= Beginning of Section =
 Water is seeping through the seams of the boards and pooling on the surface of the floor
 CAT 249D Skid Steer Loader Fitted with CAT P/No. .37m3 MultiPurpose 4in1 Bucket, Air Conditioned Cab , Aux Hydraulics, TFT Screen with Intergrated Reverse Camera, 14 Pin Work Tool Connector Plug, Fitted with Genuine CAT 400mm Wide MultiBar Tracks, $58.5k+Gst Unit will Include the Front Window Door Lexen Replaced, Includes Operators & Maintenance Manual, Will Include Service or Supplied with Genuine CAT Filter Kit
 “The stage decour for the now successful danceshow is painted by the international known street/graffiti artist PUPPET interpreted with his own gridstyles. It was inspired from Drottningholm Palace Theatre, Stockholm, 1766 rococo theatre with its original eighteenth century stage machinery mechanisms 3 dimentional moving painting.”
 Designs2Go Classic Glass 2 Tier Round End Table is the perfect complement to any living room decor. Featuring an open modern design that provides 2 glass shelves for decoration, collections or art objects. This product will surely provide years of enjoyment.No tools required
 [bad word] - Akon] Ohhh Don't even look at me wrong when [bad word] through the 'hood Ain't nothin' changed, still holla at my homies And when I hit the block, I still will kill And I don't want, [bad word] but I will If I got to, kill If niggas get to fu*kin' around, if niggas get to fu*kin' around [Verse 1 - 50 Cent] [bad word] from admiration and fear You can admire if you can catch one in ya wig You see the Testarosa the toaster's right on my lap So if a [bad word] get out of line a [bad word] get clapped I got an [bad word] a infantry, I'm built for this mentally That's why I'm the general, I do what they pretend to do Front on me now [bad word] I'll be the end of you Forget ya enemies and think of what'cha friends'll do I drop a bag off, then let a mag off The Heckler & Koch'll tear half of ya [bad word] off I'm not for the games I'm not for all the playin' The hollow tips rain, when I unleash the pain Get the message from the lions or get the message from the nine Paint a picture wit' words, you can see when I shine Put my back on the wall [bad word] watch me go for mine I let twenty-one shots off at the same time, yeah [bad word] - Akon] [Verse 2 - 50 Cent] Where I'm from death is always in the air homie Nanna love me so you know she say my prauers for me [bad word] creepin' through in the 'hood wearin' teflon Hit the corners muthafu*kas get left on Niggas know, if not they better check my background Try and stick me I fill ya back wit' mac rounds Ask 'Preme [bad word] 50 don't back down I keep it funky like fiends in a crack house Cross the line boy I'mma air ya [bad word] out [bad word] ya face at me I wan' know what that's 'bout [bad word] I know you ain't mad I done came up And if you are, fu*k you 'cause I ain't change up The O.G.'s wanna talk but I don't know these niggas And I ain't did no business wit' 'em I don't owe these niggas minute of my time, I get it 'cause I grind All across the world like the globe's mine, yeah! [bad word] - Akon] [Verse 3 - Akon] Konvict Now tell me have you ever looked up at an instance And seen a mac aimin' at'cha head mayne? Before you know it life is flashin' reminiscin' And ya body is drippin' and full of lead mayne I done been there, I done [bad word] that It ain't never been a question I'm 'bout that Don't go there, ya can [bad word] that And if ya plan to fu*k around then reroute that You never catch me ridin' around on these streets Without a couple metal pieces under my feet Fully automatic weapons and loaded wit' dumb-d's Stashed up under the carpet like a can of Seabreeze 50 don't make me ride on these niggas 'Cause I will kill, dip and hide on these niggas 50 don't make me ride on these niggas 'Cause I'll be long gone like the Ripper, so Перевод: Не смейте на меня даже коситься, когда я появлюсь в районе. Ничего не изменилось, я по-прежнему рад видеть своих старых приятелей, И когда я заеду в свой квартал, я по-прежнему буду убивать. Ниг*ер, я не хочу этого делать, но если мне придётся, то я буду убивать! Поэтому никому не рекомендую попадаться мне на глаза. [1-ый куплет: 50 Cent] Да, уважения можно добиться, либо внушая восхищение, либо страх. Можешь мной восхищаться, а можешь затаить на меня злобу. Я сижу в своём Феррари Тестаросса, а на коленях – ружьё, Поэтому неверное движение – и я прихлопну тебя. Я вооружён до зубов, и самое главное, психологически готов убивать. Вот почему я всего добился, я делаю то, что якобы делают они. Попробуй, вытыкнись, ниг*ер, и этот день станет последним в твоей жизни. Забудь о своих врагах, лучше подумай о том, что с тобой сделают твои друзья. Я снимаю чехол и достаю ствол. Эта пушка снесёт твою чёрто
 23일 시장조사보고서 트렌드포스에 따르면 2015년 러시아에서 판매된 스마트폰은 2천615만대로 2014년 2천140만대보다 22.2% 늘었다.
= End of Section =
## WORK REQUEST
Here the job is to output the lines from the start of the material through the line with "CAT 249D Skid", inclusive, exactly and with nothing else.

## ANSWER SECTION
 Water is seeping through the seams of the boards and pooling on the surface of the floor
 CAT 249D Skid Steer Loader Fitted with CAT P/No. .37m3 MultiPurpose 4in1 Bucket, Air Conditioned Cab , Aux Hydraulics, TFT Screen with Intergrated Reverse Camera, 14 Pin Work Tool Connector Plug, Fitted with Genuine CAT 400mm Wide MultiBar Tracks, $58.5k+Gst Unit will Include the Front Window Door Lexen Replaced, Includes Operators & Maintenance Manual, Will Include Service or Supplied with Genuine CAT Filter Kit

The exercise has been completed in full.